When pulling out the ITS barcoding sequences for phylogenetic analysis of PAR3, the MaSuRCA assembly was found to possess 17 complete and 2 partial ITS sequences. Accordingly, 17 complete rRNA genes were found, with 2 partial rRNA genes lacking the 18 S sequence and part of the ITS region. This was not surprising, as it is known that copy number of rRNA/ITS in fungi can range anywhere from approximately 14 − 1,442 within fungal genomes [28]. However, none of the other assemblies produced more than one ITS, which suggests that the structural composition of the MaSuRCA assembly was superior to that of the others. This may be due to the strategy of the MaSuRCA assembler, which creates large “mega-reads” based on the combination of long reads and “super-reads” created from short reads [14].

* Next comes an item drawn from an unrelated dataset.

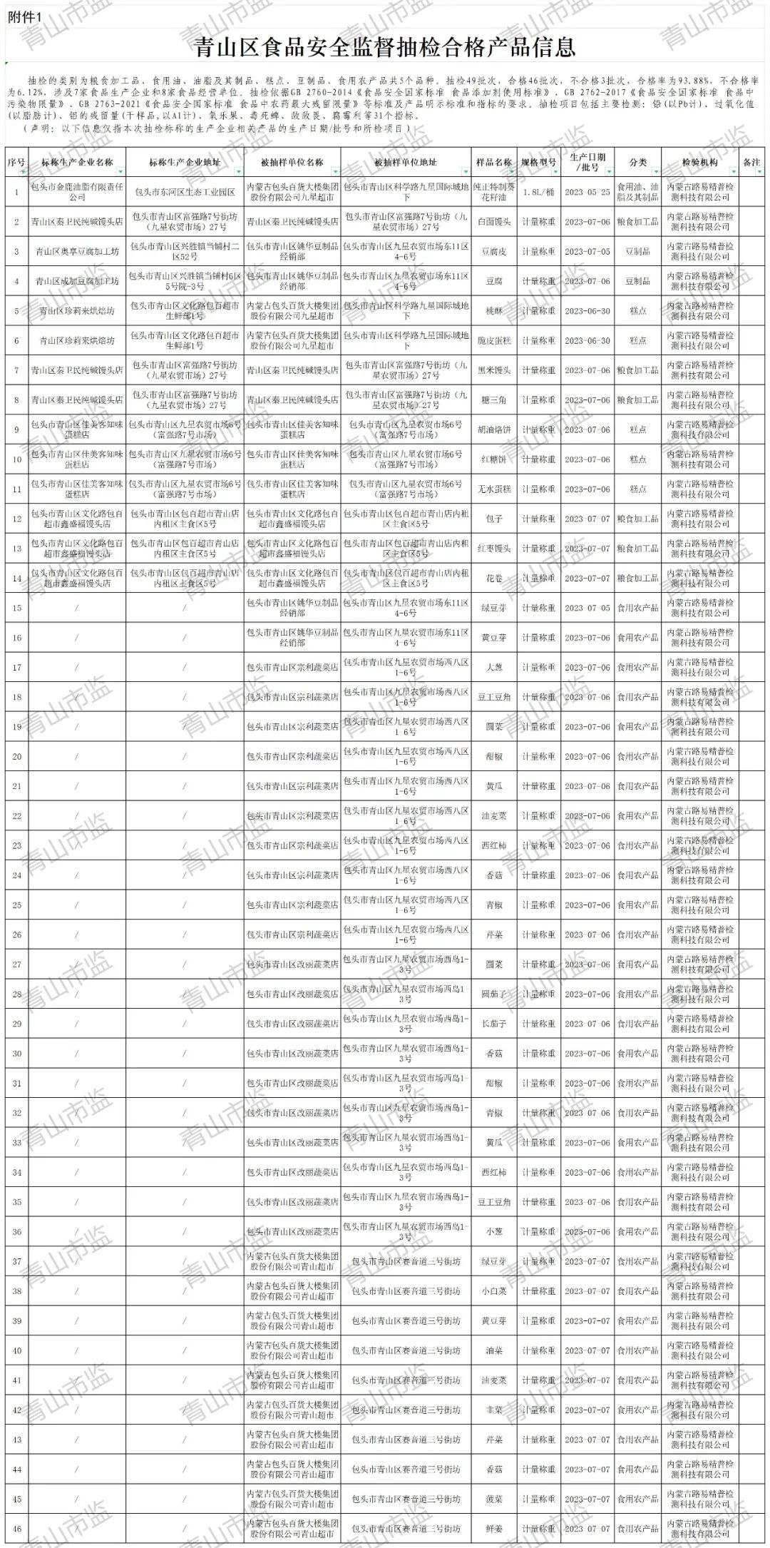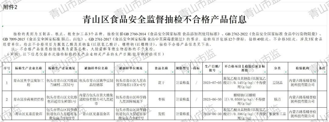 二、对上述抽检中发现的不合格产品及不合格产品的生产经营者,青山区市场监督管理局正在按照《中华人民共和国食品安全法》等相关法律法规的规定,开展核查及调查处理工作,并责令食品经营单位采取下架措施。相关情况另行公布。

Phylogenetic analysis of the MaSuRCA PAR3 assembly found that the ITS, rpb2, and tef1 sequences of PAR3 were highly homologous to those of identified strains of T. harzianum (Fig. 2). Cai and Druzhinina [19] outlined distinct criteria for identification of Trichoderma spp., which is especially difficult given the close identity of Trichoderma belonging to the Harzianum clade [18]. As per Cai and Druzhinina [19], more than 76% identity of an isolate’s ITS sequence to other Trichoderma spp. is required to confirm it belongs to the Trichoderma genus, and more than 99% and 97% identity of rpb2 and tef1 sequences, respectively, is required to identify an isolate at the species level. All three sequences extracted from PAR3 were more than 99% identical to those of known strains of T. harzianum, satisfying the requirements to confirm PAR3 as Trichoderma harzianum.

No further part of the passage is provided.